Thinly traded shares are those which cannot be easily sold or exchanged for cash without a significant change in price. Thinly traded securities are often exchanged in lower volumes, and have a small number of interested buyers as well as sellers. This can lead such securities to volatile changes in pricing when a transaction occurs. Such securities have often been referred to as illiquid. Thinly traded securities basically trade at a lower volume and exhibit an increase in volatility. Often, thinly-traded companies trade on exchanges that are over-the-counter.

How Do Thinly Traded Shares Work?

Thinly traded securities can be determined by wide bid-ask spreads as well as a low volume. In general, these securities pose a slightly greater risk than liquid investments. As mentioned earlier, thinly traded securities often exist outside the national stock exchanges. This is why the lack of ready sellers and buyers usually leads to larger disparities between the asking price and the bidding price.

Suppose a seller sells at a lower bid price or buyer purchases the security at a high ask price, the securities price itself can experience a significant move. Since the smaller number of participants easily impact the market price, this makes way for a liquidity risk, making thinly traded securities riskier than liquid assets.

Significance of thinly traded shares

In thinly traded shares one sees larger ask/bid shares which generally signifies larger profits for a dealer. One of the key aspects of the bid and asking price is that the sellers receive the bid price while purchases pay the asking price. This subtlety is how traders earn revenue using a bid-ask spread. The trader simply buys stocks at the asking price and sells it at the bidding price. Hence, the size of the spread is directly proportional to the size of the earnings made from it.

A bid/ask spread makes illiquidity easy to measure, but liquidity risk itself is harder to grasp and predict. The chance that the spread will grow to a concerning size always exists. The worst-case scenario is that the thinly traded security will have to be sold off quickly while the investor incurs a loss. There can be more problems that a thinly traded security can compound into. Suppose an investor trading thinly traded shares is not able to liquidate their position, this could keep them from meeting their outstanding debt obligations.

Illiquidity increases the credit risk of an investor. Investors who use a buy-and-hold strategy typically encounter fewer problems when thin trading since they aren’t generally interested in buying and selling securities quickly. This holds true for bond investors who are employing a buy-and-hold tactic, or those investors who are simply awaiting maturity from their bonds without being concerned about interim movements in price.

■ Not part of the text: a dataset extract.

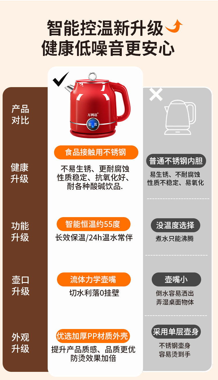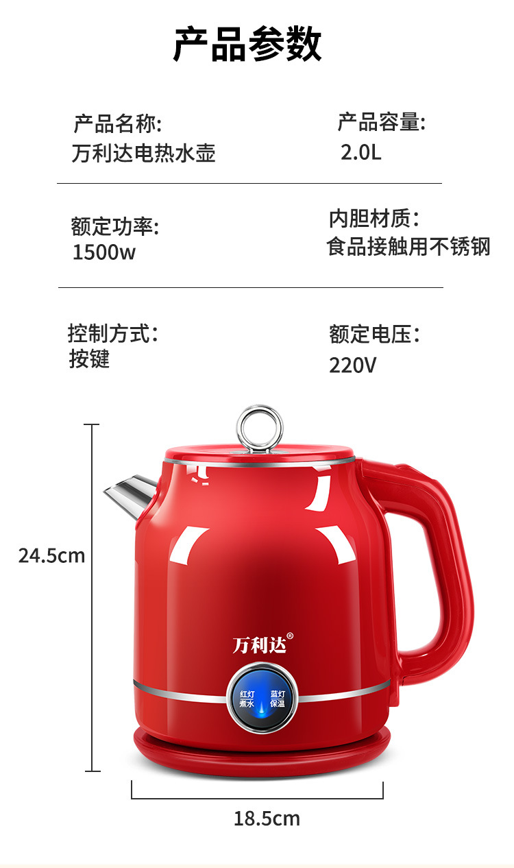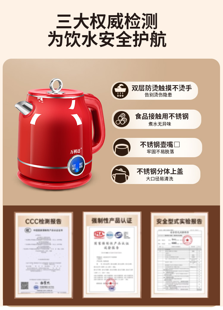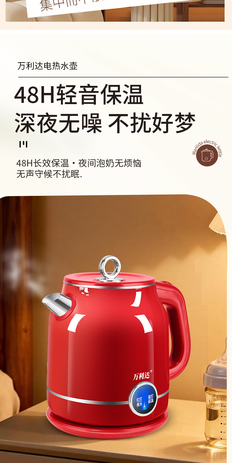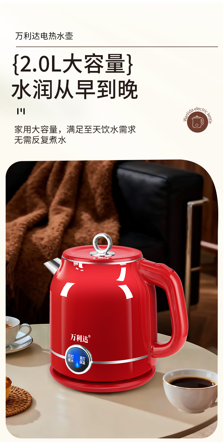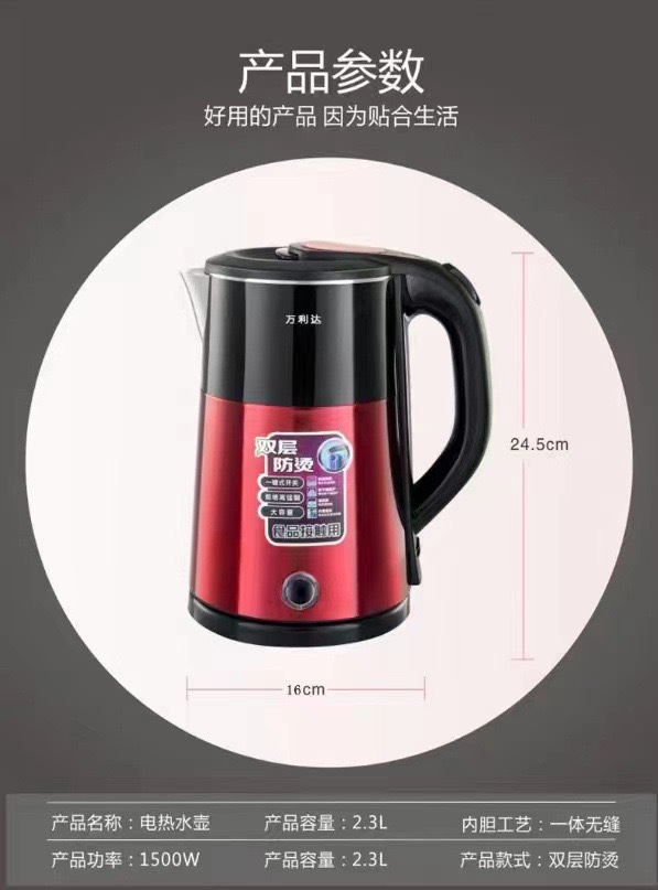 Популярный ретро электрический чайник для дома, портативный, постоянная температура, большая емкость, двухслойный, противоожоговый

Advantages of Thinly Traded Stocks

There are some potential advantages of using thinly traded securities to trade. Firstly there is the potential short-term appreciation seen in this thinly traded example. Suppose a thinly traded stock suddenly grabs the attention of investors, even a slight increase in its demand can trigger massive growth in the share price.

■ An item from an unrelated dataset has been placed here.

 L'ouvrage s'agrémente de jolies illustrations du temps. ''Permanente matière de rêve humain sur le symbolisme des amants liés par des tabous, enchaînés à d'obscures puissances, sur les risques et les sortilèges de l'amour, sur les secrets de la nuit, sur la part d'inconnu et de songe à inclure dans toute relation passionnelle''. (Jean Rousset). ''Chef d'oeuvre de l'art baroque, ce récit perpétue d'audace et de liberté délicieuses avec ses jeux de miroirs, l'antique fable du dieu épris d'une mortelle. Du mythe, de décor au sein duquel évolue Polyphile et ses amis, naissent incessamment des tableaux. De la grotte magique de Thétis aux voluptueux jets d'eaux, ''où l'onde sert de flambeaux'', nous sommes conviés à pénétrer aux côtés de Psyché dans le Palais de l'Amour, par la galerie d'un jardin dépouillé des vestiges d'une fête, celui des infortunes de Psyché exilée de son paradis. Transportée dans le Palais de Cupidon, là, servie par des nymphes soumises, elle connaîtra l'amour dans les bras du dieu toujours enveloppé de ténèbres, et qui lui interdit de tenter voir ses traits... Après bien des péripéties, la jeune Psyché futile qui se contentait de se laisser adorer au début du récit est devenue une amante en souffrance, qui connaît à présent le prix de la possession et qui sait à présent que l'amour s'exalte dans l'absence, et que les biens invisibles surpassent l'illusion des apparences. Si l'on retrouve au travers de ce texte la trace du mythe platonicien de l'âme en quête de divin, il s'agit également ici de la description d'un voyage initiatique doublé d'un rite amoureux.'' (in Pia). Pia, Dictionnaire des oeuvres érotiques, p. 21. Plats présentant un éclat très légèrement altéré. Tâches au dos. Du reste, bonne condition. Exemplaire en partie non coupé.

For instance, suppose a stock normally trades at 2000 shares a day, and a favorable article comes out about it in a reputable financial journal the following day. Demand could soar upto 10000 shares in a day just from that individual favorable coverage, driving the share price significantly higher in a few days alone. Ultimately, one can see large profits for those who chose to hold onto the thinly traded stocks before they gained popularity.

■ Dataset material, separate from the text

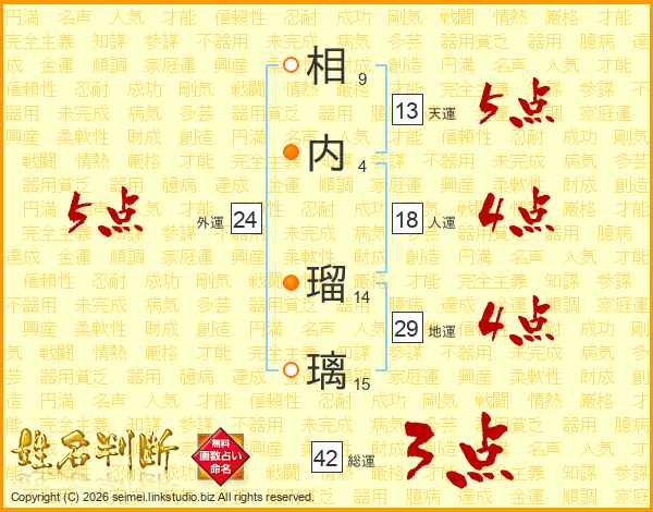 相(9画)内(4画) 瑠(14画)璃(15画)

Secondly, there is the repurchasing of thinly traded stocks at bargain prices during market dips. This thinly traded example showcases how they can be repurchased at a bargain price. Let’s say an investor sells a huge percentage of their shares in a thinly traded stock. Following this, the price is likely to go down since the supply of the shares may likely exceed their demand. Suppose you intend to accumulate extra shares of a thinly traded security, watch for price dips so you snatch up the shares at a bargain price.

Conclusion

Thinly traded securities are a somewhat high-risk lucrative way to trade in low volumes but leverage high volatility. This way one can experience both short-term and long-term capital appreciation due to the volatile nature of these securities.